Popis
Dry point, 1935, size 23×16,8 cm, Denoted middle bottom E. F. in circle
Signed right bottom: Emil Filla
The highest achieved price for oil on canvas by Emil Filla on the Czech auction market: 19.5 million CZK, Adolf Loos Apartment and Gallery, Prague, 2010
The highest achieved price for oil on canvas by Emil Filla on the world auction market: 588 thousand €, Sotheby’s, 2011
Filla´s interest in the iconography of animal fights – pertinently fights between a man and an animal – is traditionally put in context with the rise of fascism in Europe, mainly in Germany after the election of Adolf Hitler to the position of the Chancellor in the year 1933. The dry point drawing Horse Fight from the year 1935 is possible to consider to be the genesis of extensive graphic cycle Fights and Struggles, which came into existence in the year 1936. At that time, an Old Testament prophetic vision of Fascism was born from the passion of the struggle.
Like Pablo Picasso, who entered the service to his homeland in the year 1937 by today famous Guernika, Emil Filla influenced the public opinion by allegories of struggle and by his work he significantly supported the fight against Fascism.
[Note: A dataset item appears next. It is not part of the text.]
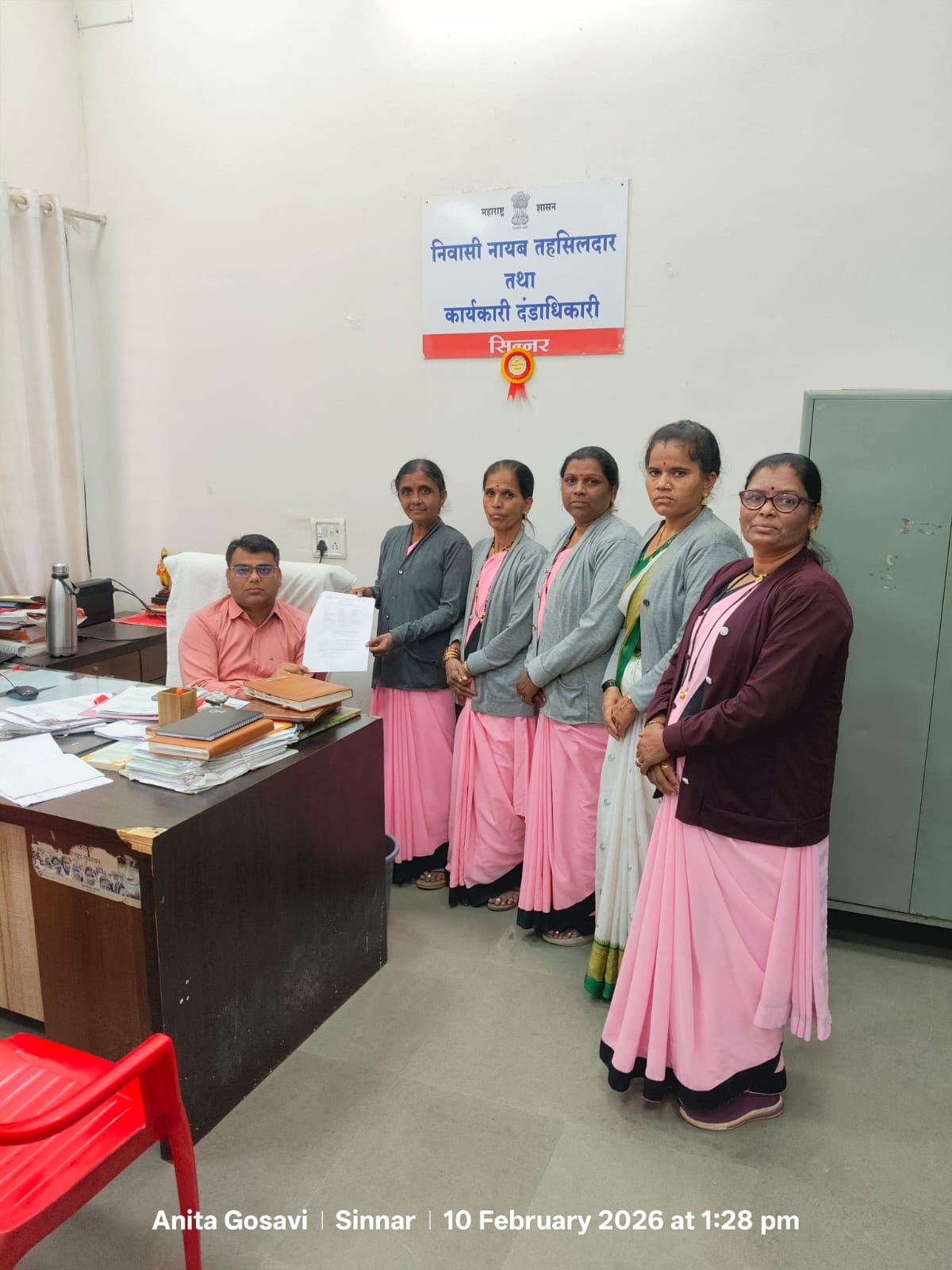 सिन्नरचे नायब तहसीलदार श्री . मुंदडा यांना निवेदन देताना अंगणवाडी कर्मचारी संघाचे पदाधिकारी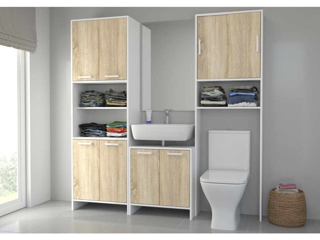 Kombinovaná skříň dvoudvéřová, stylová a zároveň vhodná do moderních interiérů. V horní i dolná části je jednodveřová skříňka, uprostře jsou police. Korpus i dvířka jsou vyrobeny z desky LTD 16 mm potažené PVC folií v barvě bílá/dvířka v dub sonoma. Zadní strana je ze sololitu. Úchyty jsou plastové. Naleznete zde dostatek prvků, ze kterých si sestavíte koupelnu dle Vašich představ. Dodáváme v demontovaném stavu.Doplňkové parametry

Filla´s fight starts by defining the symbol of the ancient Greek hero Hérakles and his struggles – in monumental scenes at first, later the artist transfers the topic of the fight and struggle to graphic techniques also.
In the depiction of the motif of fight and struggle, for the first time, the form motif of brutal stereotype comes to the scene of the graphic folio. It is unreal so that it would talk one into believing the horrifying reality and the fierce destruction of the victim. The animal that is being attacked by a predator, another animal or a human, is knocked down to the ground, it falls to the knees of the front legs. Together with this movement, that gives the whole front half of the body a violent fall to the ground, a contradictory movement of the rear half of the body upwards takes place at the same time. Abruptly contradictory movement in a real body would be possible only in the case of breaking the spine of the animal, which would be caused by its spiral distortion in the axis of the body – to the shape of flat placed “S“. Over the defeated horse, the second horse with victorious roaring, rising on its rear legs up, is ready to give its rival the last deadly blow by its front hooves…
Bibliography:
Čestmír Berka: Emil Filla, grafické dílo, Odeon 1968, pages: 72-73, 270.
Vojtěch Lahoda: Emil Filla, Academia Praha 2007, page 493-495.